Cognitive Robotics While numeric learning methods have dominated robot learning to date, a significant amount of work is now being done in the interface between robots and logic based representations. This work is sometimes known as cognitive robotics and there have been recent advances [6].

3.3 Summary

In summary while it is obviously difficult to set out a roadmap for robotics research with a great degree of confidence, we believe that the main thrust of work will focus around themes outlined above, namely:

Testing the utility of new techniques in Machine Learning in robot domains.
Integrating different learning techniques into complete robot learning systems.
Integrating learning with prior knowledge.
Using robot learning techniques to solve specific problems in real world applications.

References

[1] Dimitri P. Bertsekas and John N. Tsitsiklis.
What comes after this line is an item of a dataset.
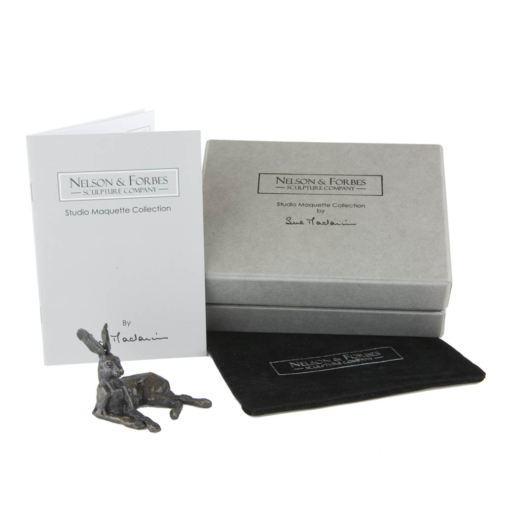 This Sue Maclaurin bronze sculpture of a Lying Hare Maquette was cast by hand in a British foundry by Nelson & Forbes, as limited edition of just 500 castings. It is part of the Nelson & Forbes ‘Studio Maquette Collection’, which was launched in 2015 following requests by collectors for miniature sculptures that would make ideal gifts.
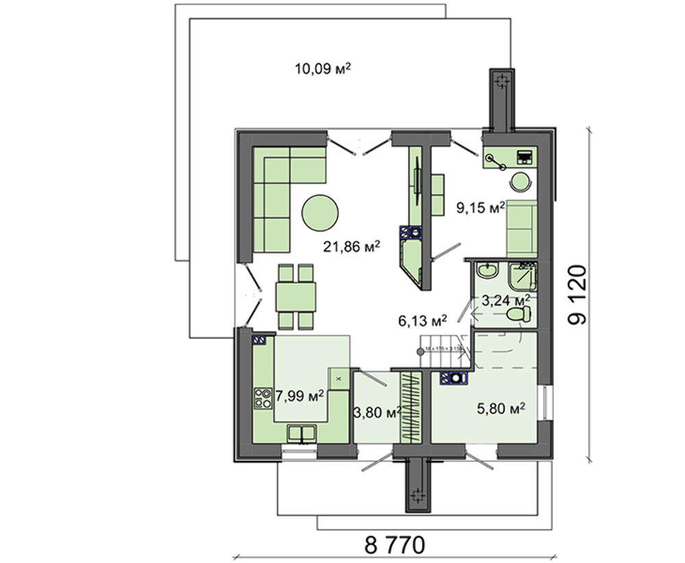 Несмотря на то что кухня включена в простор гостиной, для ее расположения выбрано отдаленное место, что помогает сконцентрировать пищевые запахи в отведенном пространстве.

Neuro-Dynamic Programming. Athena Scientific, 1996.

[2] Nello Cristianini and John Shawe-Taylor. An Introduction to Support Vector Machines : And Other Kernel-Based Learning Methods. Cambridge University Press, 2000.

[3] Michael Lederman Littamn. Algorithms for Sequential Decision Making. PhD thesis, Brown University, March 1996.

[4] Henrik Hautop Lund and Luigi Pagliarini. Robocup jr. with lego mindstorms. In Proceedings of Int. Conf. on Robotics and Automation (ICRA2000), 2000.

[5] Ronald Parr. Hierarchical Control and Learning for Markov Decision Processes. PhD thesis, Computer Science, Berkeley, 1998.

[6] Murray Shanahan and Mark Witkowski. Robot navigation and map building with the event calculus. In Working Notes of the IJCAI 99 Workshop on Robot Action Planning, 1999.

[7] S. Thrun, M. Bennewitz, W. Burgard, A.B. Cremers, F. Dellaert, D. Fox, D. Haehnel, C. Rosenberg, N. Roy, J.Schulte, and D. Schulz. Minerva: A second generation mobile tour-guide robot. In Proceedings of the IEEE International Conference on Robotics and Automation (ICRA), 1999.

[8] Sebastian Thrun. Probabilistic algorithms in robotics. AI Magazine, 2000.

[9] Michael Vose. The Simple Genetic Algorithm : Foundations and Theory. Bradford Books, 1999.

[10] Jeremy Wyatt and John Demiris, editors. Advances in Robot Learning: Proceedings of the 8th European Workshop on Learning Robots. Springer Verlag, forthcoming.